Terracotta Cluster Events

Introduction

Beginning with Ehcache 2.0, the Terracotta Distributed Ehcache cluster events API provides access to Terracotta cluster events and cluster topology. This event-notification mechanism reports events related to the nodes in the Terracotta cluster, not cache events.

Cluster Topology

The interface net.sf.ehcache.cluster.CacheCluster provides methods for obtaining topology information for a Terracotta cluster. The following methods are available:

  • String getScheme()

    Returns a scheme name for the cluster information. Currently TERRACOTTA is the only scheme supported.

  • Collection<ClusterNode> getNodes()

    Returns information on all the nodes in the cluster, including ID, hostname, and IP address.

  • boolean addTopologyListener(ClusterTopologyListener listener)

    Adds a cluster-events listener. Returns true if the listener is already active.

  • boolean removeTopologyListener(ClusterTopologyListener)

    Removes a cluster-events listener. Returns true if the listener is already inactive.

The interface net.sf.ehcache.cluster.ClusterNode provides methods for obtaining information on specific cluster nodes.

public interface ClusterNode {
/**
* Get a unique (per cluster) identifier for this node.
*
* @return Unique per cluster identifier
*/
String getId();
/**
* Get the host name of the node
*
* @return Host name of node
*/
String getHostname();
/**
* Get the IP address of the node
*
* @return IP address of node
*/
String getIp();
}

Listening For Cluster Events

The interface net.sf.ehcache.cluster.ClusterTopologyListener provides methods for detecting the following cluster events:

public interface ClusterTopologyListener {
/**
* A node has joined the cluster
*
* @param node The joining node
*/
void nodeJoined(ClusterNode node);
/**
* A node has left the cluster
*
* @param node The departing node
*/
void nodeLeft(ClusterNode node);
/**
* This node has established contact with the cluster and can execute clustered operations.
*
* @param node The current node
*/
void clusterOnline(ClusterNode node);
/**
* This node has lost contact (possibly temporarily) with the cluster and cannot execute
* clustered operations
*
* @param node The current node
*/
void clusterOffline(ClusterNode node);
}
/**
* This node lost contact and rejoined the cluster again.
* 

* This event is only fired in the node which rejoined and not to all the connected nodes * @param oldNode The old node which got disconnected * @param newNode The new node after rejoin */ void clusterRejoined(ClusterNode oldNode, ClusterNode newNode);

Example Code

This example prints out the cluster nodes and then registers a ClusterTopologyListener which prints out events as they happen.

CacheManager mgr = ...
CacheCluster cluster = mgr.getCluster("TERRACOTTA");
  // Get current nodes
Collection<ClusterNode> nodes = cluster.getNodes();
for(ClusterNode node : nodes) {
  System.out.println(node.getId() + " " + node.getHostname() + " " + node.getIp());
}
  // Register listener
cluster.addTopologyListener(new ClusterTopologyListener() {
  public void nodeJoined(ClusterNode node) { System.out.println(node + " joined"); }
  public void nodeLeft(ClusterNode node) { System.out.println(node + " left"); }
  public void clusterOnline(ClusterNode node) { System.out.println(node + " enabled"); }
  public void clusterOffline(ClusterNode node) { System.out.println(node + " disabled"); }
  public void clusterRejoined(ClusterNode node, ClusterNode newNode) {
    System.out.println(node + " rejoined the cluster as " + newNode);
  }
});

Uses for Cluster Events

From Ehcache 2.4.1/Terracotta 3.5 these events are used for operation of NonStopCache

If Ehcache got disconnected from the Terracotta Server Array say due to a network issue, then in Ehcache 2.0 each cache operation will block indefinitely. In other words it is configured for fail-fast to protect the ACIDity of the cluster. However this approach will also cause processing of requests to the cache to stop likely causing the outage to cascade.
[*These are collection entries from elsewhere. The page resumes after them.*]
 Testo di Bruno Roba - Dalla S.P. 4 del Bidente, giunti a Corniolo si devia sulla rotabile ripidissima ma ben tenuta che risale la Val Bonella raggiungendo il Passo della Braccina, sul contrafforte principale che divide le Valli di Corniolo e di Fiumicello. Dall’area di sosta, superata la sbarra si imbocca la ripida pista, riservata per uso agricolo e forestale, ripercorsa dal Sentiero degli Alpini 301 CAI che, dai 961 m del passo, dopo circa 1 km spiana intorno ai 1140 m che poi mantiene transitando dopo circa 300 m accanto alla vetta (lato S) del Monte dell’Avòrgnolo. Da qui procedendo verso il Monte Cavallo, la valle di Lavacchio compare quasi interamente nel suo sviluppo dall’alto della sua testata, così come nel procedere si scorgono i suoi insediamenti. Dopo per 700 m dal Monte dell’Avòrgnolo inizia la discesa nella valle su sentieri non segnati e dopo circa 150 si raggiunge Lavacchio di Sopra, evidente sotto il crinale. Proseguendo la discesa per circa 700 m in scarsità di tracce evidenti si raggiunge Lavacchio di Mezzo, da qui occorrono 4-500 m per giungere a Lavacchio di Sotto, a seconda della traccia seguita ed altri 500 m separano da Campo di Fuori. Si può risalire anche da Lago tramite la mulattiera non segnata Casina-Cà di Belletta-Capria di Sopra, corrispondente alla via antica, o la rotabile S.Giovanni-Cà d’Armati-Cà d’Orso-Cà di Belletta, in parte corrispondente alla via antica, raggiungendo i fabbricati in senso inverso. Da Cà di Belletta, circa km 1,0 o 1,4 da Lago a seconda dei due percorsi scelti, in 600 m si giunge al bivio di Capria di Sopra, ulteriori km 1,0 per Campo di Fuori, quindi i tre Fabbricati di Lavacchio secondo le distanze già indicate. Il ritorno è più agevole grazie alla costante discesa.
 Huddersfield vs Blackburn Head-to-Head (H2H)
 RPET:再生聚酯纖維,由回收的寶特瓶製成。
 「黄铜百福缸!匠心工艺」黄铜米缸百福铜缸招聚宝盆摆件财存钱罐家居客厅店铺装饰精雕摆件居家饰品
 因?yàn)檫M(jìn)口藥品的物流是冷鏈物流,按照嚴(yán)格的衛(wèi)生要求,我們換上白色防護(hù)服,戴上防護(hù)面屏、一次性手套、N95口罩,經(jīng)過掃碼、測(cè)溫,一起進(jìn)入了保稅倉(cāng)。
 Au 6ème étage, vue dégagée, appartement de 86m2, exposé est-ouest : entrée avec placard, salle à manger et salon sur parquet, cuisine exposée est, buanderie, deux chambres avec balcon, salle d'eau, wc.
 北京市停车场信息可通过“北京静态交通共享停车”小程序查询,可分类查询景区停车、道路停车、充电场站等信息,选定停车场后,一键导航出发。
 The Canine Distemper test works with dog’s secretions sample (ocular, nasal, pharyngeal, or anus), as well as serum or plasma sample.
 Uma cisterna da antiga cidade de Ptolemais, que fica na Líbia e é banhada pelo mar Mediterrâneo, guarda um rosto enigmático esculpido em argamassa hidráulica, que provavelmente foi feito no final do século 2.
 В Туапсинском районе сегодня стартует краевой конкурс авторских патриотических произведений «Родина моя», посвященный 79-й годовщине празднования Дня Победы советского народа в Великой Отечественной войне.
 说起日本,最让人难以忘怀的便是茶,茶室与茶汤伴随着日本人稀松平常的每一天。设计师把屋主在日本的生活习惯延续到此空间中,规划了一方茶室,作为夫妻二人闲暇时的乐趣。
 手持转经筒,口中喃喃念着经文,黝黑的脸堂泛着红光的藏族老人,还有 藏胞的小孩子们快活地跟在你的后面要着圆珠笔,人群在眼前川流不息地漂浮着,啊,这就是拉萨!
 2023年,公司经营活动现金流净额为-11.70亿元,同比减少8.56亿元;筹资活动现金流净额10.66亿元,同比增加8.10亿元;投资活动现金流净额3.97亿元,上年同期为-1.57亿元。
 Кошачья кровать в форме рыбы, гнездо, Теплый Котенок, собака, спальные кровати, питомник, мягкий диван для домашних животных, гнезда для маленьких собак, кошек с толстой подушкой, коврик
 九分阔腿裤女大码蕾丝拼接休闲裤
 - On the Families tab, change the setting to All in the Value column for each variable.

In some cases graceful degradation may be more appropriate. When the clusterOffline events fire you could call Cache.setDisabled(), which will cause puts and gets to bypass the cache. Your application would then degrade to operating without a cache, but might be able to do useful work. You could also take the whole application off-line. When connectivity is restored you could then reverse the action, taking the cache back online or the application back on line as the case may be.